**Goal of the exercise**
What are the lines below, starting at the line containing "斯尼尔记号笔单18色24色油性笔大双头单色记号笔 粗双头POP马克笔" and ending at the line containing "التقى صاحب السمو"? Write them out exactly, ends included, without pictures.

**Input data**
# # # # # # #
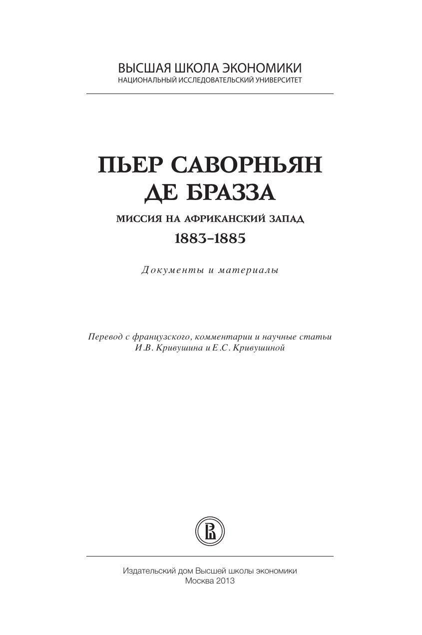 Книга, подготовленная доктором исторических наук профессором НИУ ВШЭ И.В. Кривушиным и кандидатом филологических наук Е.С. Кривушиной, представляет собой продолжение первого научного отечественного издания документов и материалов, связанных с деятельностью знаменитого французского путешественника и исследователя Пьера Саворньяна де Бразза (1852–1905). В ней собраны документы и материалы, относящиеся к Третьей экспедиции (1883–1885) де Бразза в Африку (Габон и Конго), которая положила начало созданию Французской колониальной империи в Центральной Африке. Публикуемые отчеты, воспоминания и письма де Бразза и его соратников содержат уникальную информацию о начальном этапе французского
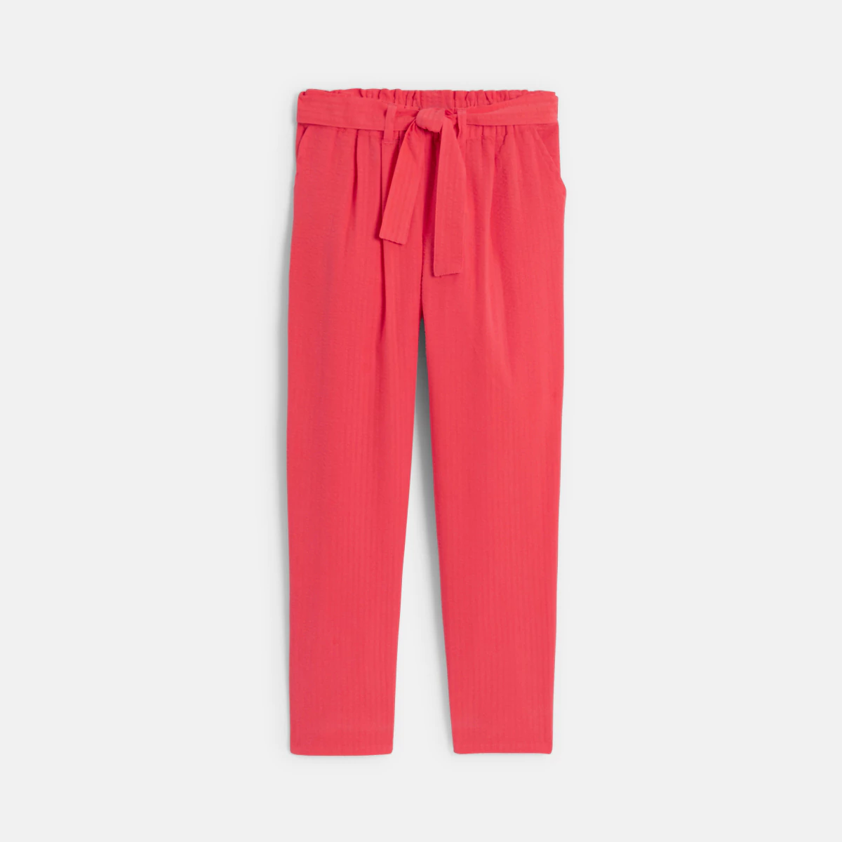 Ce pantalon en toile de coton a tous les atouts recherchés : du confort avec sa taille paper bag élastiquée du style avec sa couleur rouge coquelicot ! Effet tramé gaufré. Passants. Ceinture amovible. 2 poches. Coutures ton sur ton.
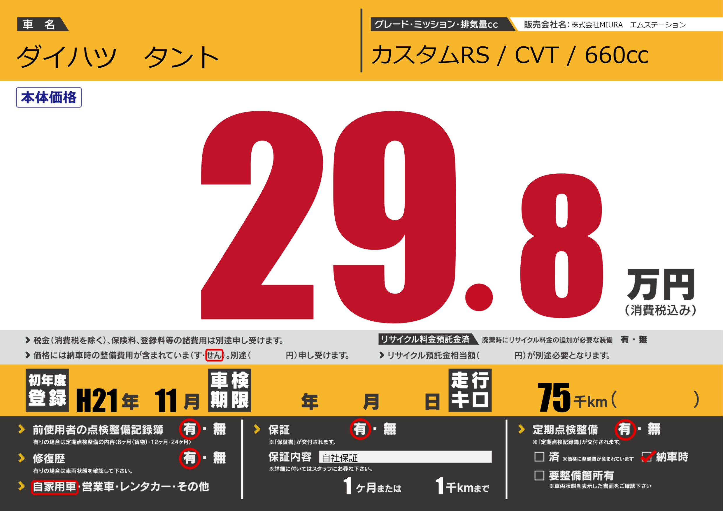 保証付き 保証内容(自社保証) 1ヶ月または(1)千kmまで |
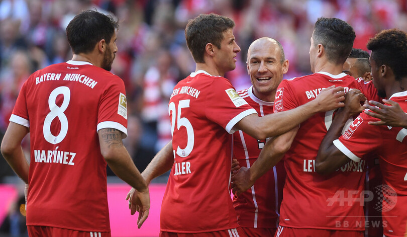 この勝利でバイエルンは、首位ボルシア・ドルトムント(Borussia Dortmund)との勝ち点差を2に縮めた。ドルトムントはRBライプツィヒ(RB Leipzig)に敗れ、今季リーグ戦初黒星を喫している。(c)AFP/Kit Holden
# # # # # # #
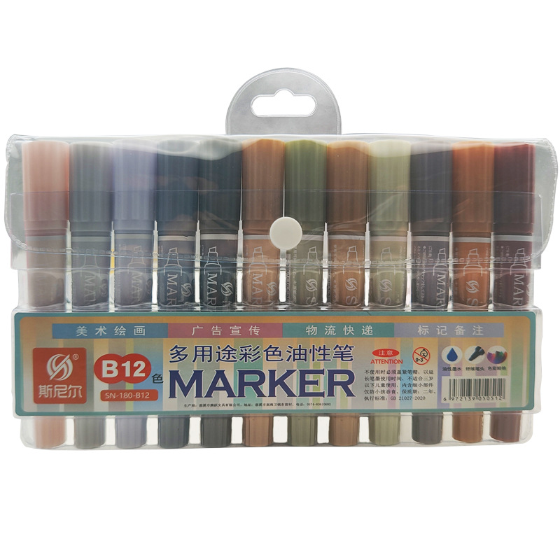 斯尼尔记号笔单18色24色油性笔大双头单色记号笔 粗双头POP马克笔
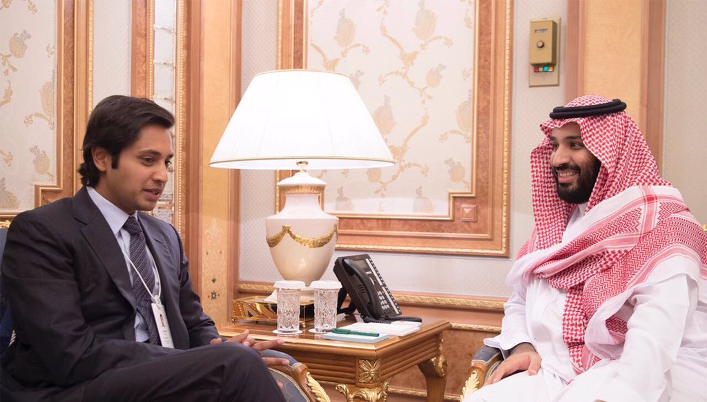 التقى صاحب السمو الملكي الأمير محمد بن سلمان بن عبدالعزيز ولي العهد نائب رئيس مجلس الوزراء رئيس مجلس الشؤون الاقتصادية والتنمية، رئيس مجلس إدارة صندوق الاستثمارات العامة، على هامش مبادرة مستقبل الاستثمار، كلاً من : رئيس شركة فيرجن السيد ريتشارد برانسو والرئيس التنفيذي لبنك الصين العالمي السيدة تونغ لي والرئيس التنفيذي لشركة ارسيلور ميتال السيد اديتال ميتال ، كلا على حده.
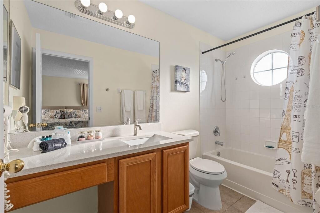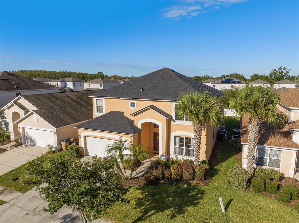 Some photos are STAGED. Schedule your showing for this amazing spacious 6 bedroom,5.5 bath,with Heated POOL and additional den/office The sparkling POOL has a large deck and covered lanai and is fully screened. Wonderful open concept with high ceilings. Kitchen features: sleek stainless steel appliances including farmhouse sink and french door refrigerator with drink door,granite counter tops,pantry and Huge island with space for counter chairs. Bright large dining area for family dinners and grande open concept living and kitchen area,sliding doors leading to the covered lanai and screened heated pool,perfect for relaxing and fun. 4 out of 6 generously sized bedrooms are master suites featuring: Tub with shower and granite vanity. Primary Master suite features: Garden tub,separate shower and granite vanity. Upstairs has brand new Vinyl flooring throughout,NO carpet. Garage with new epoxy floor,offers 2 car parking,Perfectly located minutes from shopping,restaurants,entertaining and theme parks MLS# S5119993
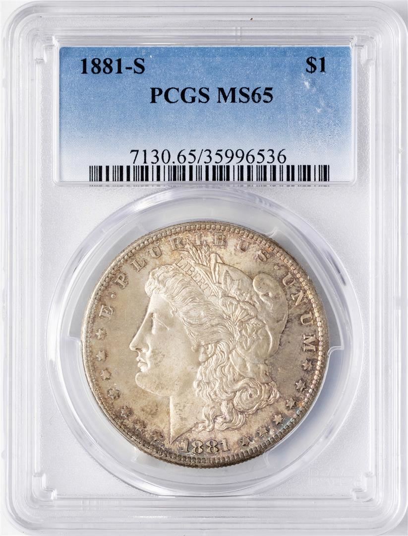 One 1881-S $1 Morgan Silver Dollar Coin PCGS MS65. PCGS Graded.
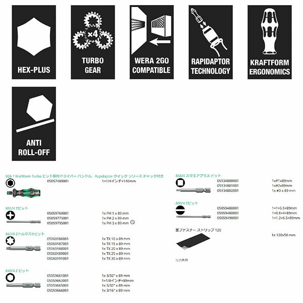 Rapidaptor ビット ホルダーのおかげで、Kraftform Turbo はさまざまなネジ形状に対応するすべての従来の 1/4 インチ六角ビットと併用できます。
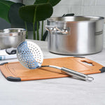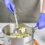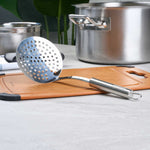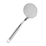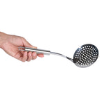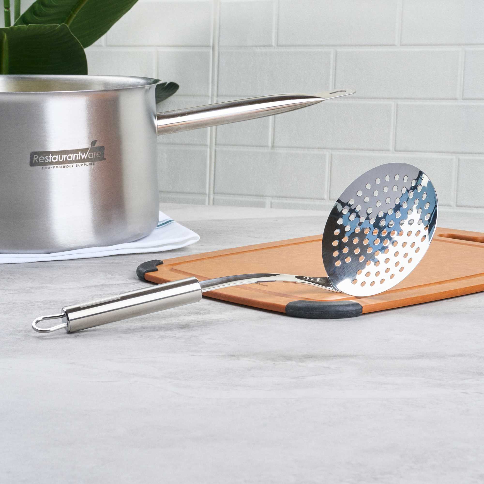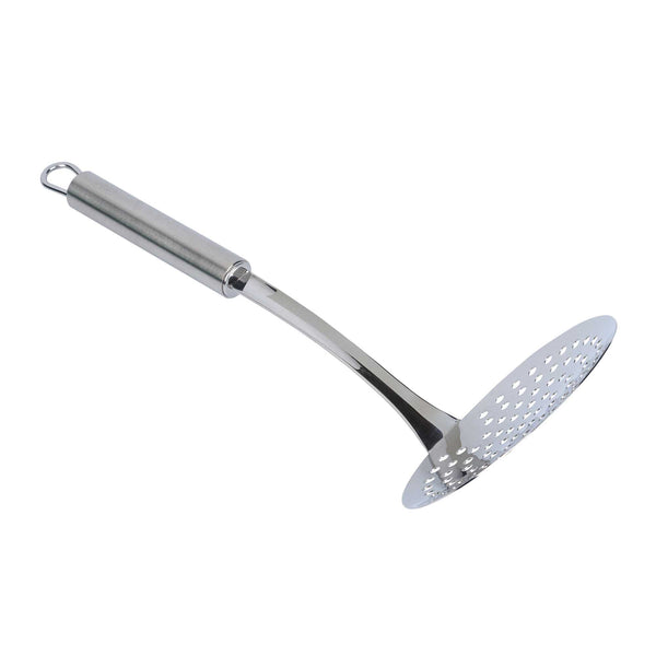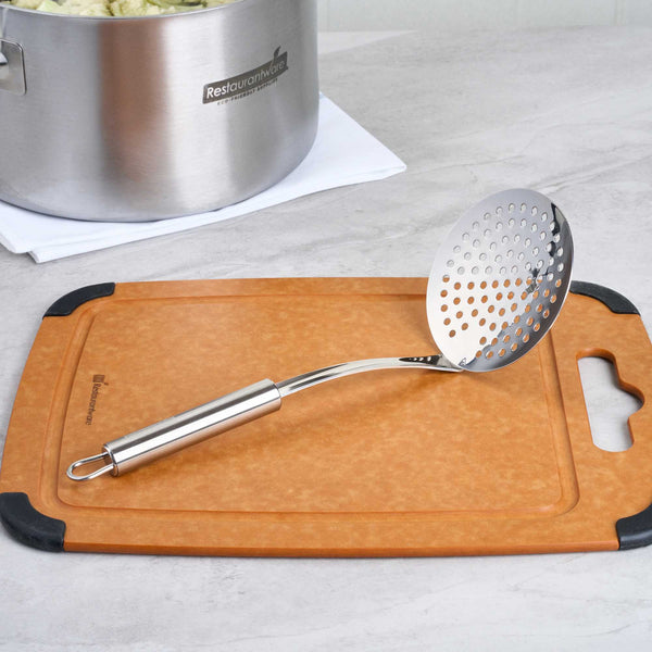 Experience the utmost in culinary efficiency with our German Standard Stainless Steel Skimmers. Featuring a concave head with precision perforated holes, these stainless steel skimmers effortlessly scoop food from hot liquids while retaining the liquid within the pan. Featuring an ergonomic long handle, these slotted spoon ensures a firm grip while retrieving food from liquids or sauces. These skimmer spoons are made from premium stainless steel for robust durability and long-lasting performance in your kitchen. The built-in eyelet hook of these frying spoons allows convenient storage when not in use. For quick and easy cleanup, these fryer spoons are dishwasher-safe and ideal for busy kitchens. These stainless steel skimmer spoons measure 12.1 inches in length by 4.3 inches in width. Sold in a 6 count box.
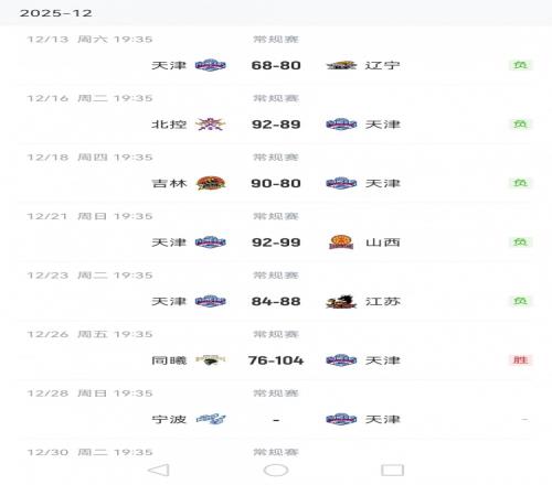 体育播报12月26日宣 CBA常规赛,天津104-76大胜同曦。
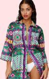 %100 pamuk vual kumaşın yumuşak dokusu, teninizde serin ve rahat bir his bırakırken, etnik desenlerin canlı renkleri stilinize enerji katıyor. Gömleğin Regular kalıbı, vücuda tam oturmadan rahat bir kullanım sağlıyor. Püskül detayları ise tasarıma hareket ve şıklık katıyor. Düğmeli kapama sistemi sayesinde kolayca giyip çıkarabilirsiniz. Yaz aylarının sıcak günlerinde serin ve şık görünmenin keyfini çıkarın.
# # # # # # #
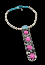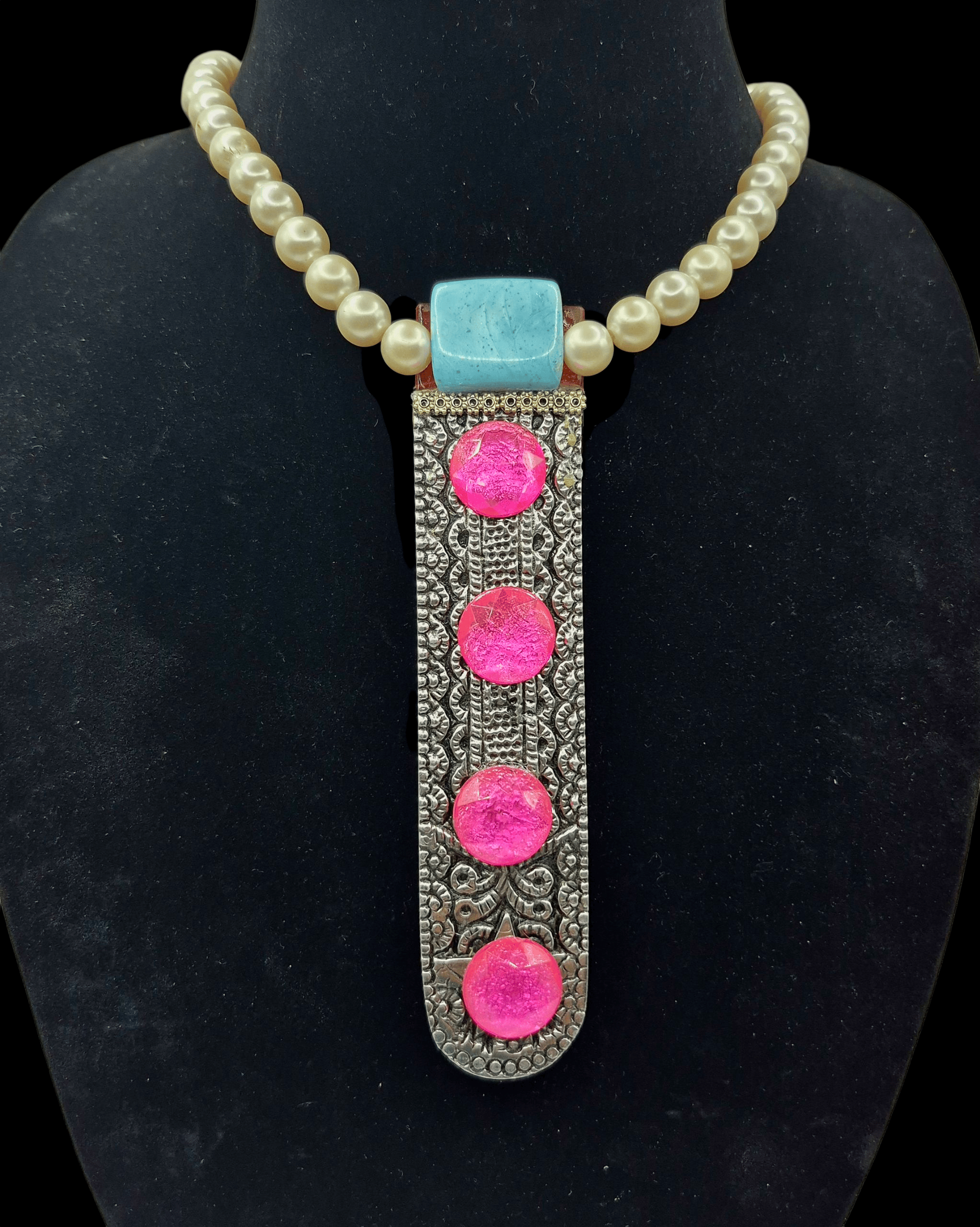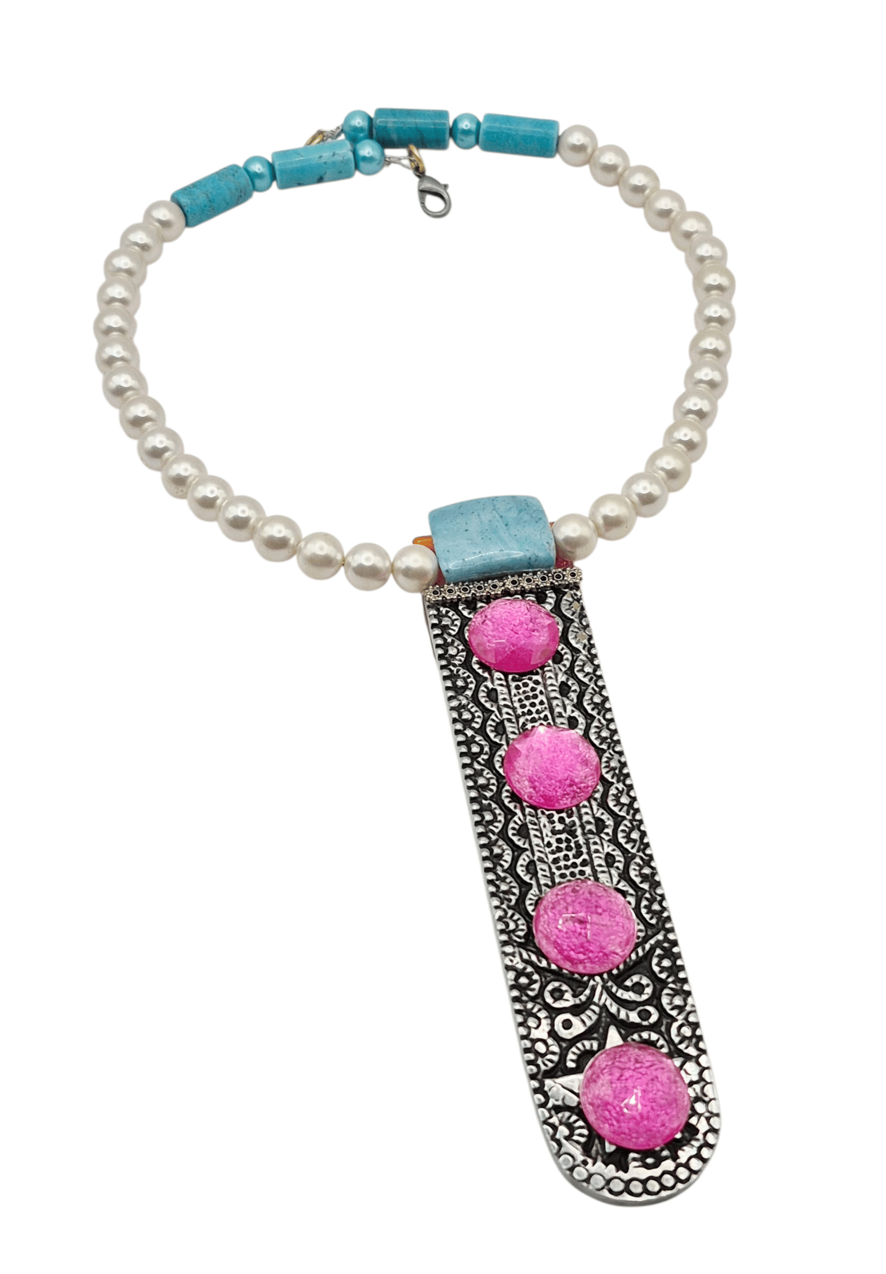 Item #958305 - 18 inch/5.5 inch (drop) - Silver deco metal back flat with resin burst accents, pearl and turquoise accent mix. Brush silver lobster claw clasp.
# # # # # # #
**Final answer**
 斯尼尔记号笔单18色24色油性笔大双头单色记号笔 粗双头POP马克笔
 التقى صاحب السمو الملكي الأمير محمد بن سلمان بن عبدالعزيز ولي العهد نائب رئيس مجلس الوزراء رئيس مجلس الشؤون الاقتصادية والتنمية، رئيس مجلس إدارة صندوق الاستثمارات العامة، على هامش مبادرة مستقبل الاستثمار، كلاً من : رئيس شركة فيرجن السيد ريتشارد برانسو والرئيس التنفيذي لبنك الصين العالمي السيدة تونغ لي والرئيس التنفيذي لشركة ارسيلور ميتال السيد اديتال ميتال ، كلا على حده.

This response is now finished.